If his request for an expert is read more broadly, appellant offered the trial court no explanation of the claim that an expert was needed for a determination of whether the Defendant may raise and prevail on certain defensive issues. Appellant presented no explanation of his defensive theory, how an expert would be useful in establishing the theory, or a reason to question a States expert and proof. See Rey, 897 S.W.2d at 341 (citing State v. Edwards, 868 S.W.2d 682, 697-98 (Tenn.Crim.App. 1993) (while identity was obvious issue defendant did not make sufficient preliminary showing for a DNA expert as he did not disclose defense proof and gave no indication of potential misidentification as to specific charges)). We conclude appellant did not meet the threshold requirement for appointment of the requested expert.
On this record, we perceive no abuse of discretion in the trial courts denial of the requested assistance of a court-appointed expert, and thus conclude appellant did not suffer the complained-of constitutional harm. See Rey 897 S.W.2d at 341; Wiley v. State, 74 S.W.3d 399, 408 (Tex.Crim.App. 2002) (concluding appellant was not deprived constitutional right to present defense because trial court did not abuse its discretion in excluding evidence under Texas Rule of Evidence 403).
We overrule appellants first and second issues.
By his third issue, appellant asserts he was constructively denied effective assistance of counsel by the trial courts failure to appoint an expert. Because we have found appellant was not entitled to appointment of an expert, an analysis of this issue is unnecessary to the final disposition of this appeal. Tex. R. App. P. 47.1.
Conclusion
Having overruled appellants issues, we affirm the trial courts judgment.
James T. Campbell
Justice
Publish.
[1] Tex. Penal Code Ann. § 49.04(a) (West 2003).
[2] The offense was enhanced to a third degree felony by Penal Code § 49.09(b)(2) and the range of punishment increased to a term of 25 to 99 years in prison by Penal Code § 12.42(d). Tex. Penal Code Ann. §§ 49.09(b)(2) & 12.42(d) (West Supp. 2010).

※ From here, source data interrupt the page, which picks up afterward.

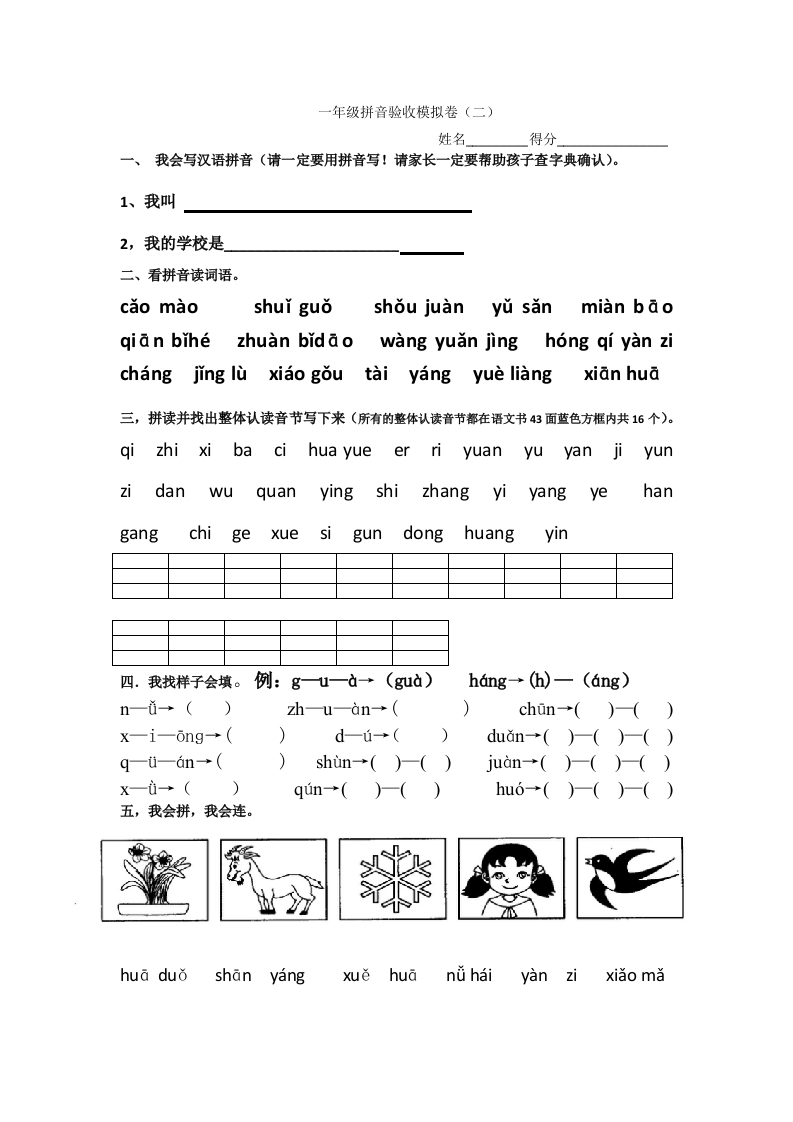 一年级拼音验收模拟卷(一)姓名得分一、把下面的拼音正确地写在四线格里。gunnei zhao quanjiūěrǚnyuehuan guang二、按字母的顺序填空(提示:按照语文书52面的顺序)。a】eiub()()fdt()(()eiuiiX(ch ()sh ran()()un()ie()(ang()ing(四、认读韵母:ao aiang an ooue eierenengiiu ieeu ongui uue ingun unie ue五、拼读音节xiao cǎoshizili zhTbōlu6luoboluòtuoshǒutaoyětùzuòxiaci weizhuo yichūqùha mi guajiùhuǒmachēguo jialǜsèyushuiiúhuayue erwu heiqing tingshu caitao huaxi hong shi七、正确拼读句子1、wǒshi baimǎshi yan xiǎoxuédeuésheng,wǒdiwǒdexuéxido。2、wǒàiměi11dezǚgu6。3、wǒhua le y1 tiao měil1decǎihong。4、xiao mao ai chi yu.xiao gou ai chi rou。5、wan shang,.ba ba kan bao,,ma ma kan dian shi。6.qiu you de shi hou,ni dai le shen me dong xi?7、wǒde shu bao li you wen jùhéhéxiězibn。8、dong wu yuan lI you jIng cǎi de biǎoyn。9、xid xuěla,xiǎjI xiǎoyalái hua huà。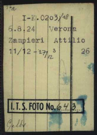 Zampieri Attilio, figlio di Giovanni, nasce a Verona il 6 agosto 1924. Soldato del 2° Reggimento Genio Alpini (Udine), viene arrestato dalle SS a Udine l’11 o 12 settembre 1943 e internato, prima nello Stalag I F di Suwałki (in tedesco Sudauen – Polonia) e poi nello Stalag XI B/Z di Bergen-Belsen. Viene successivamente deportato nel Campo di concentramento di Dora il 15 ottobre 1943. All’arrivo, gli viene assegnato il numero di matricola 0203 e viene classificato come prigioniero di guerra (KGF – Kriegsgefangene). L’11 dicembre 1944 viene ricoverato presso l’infermeria di Dora (Revier) e dimesso il 27 dicembre 1944. Viene liberato a Bergen Belsen il 14 aprile 1945 e rimpatriato l’11 settembre 1945.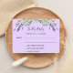 Un arrière - plan violet, du texte noir. Décoré de fleurs de lavande et de verdure d'eucalyptus. Personnalisez et ajoutez une réponse par date. Dos : Violet couleur arrière - plan.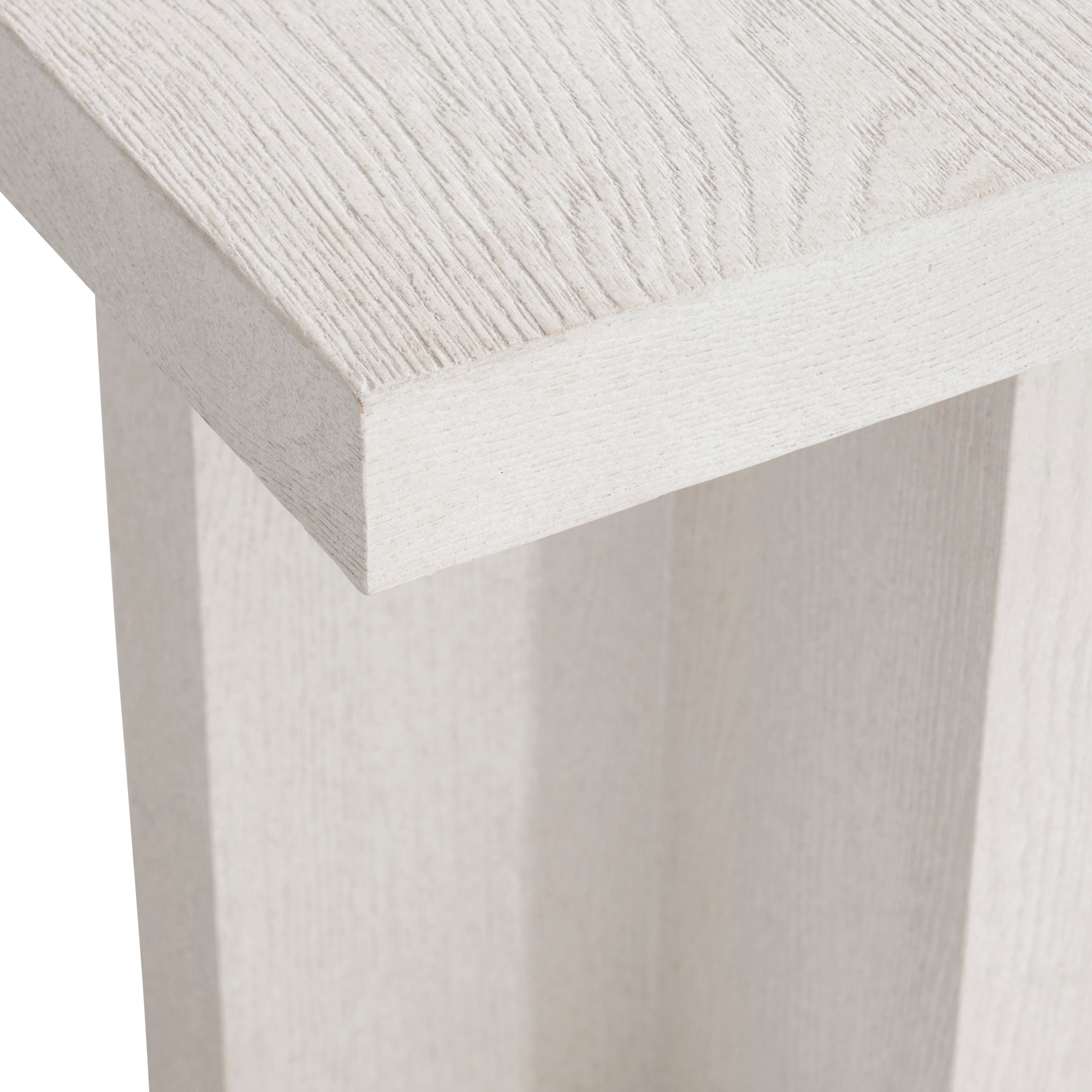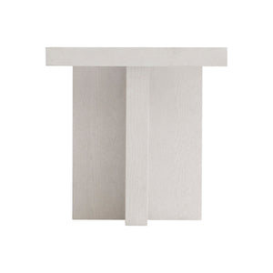 Square side table.Sandblasted White finish.Center base with two leg panels intersecting in the center to form a cross-shaped base.Adjustable glides.

[3] See Tex. Penal Code Ann. § 49.01(2) (West 2003).
[4] Retrograde extrapolation is the computation back in time of blood-alcohol level-that is, the estimation of the level at the time of driving based on a test result from some later time. Mata v. State, 46 S.W.3d 902, 908-09 (Tex.Crim.App. 2001). Following this procedure, an expert possessing sufficient information concerning such variables as an individuals weight, age, mental state, drinking pattern, type and amount of alcohol consumed, amount of food in the stomach, and the time period of alcohol consumption, can reliably estimate a persons blood-alcohol concentration at the time of driving. See Kirsch v. State, 306 S.W.3d 738, 745 n.19 (Tex.Crim.App. 2010) (explaining Mata). But the process also presents limitations and pitfalls which laymen and courts often fail to appreciate. Id.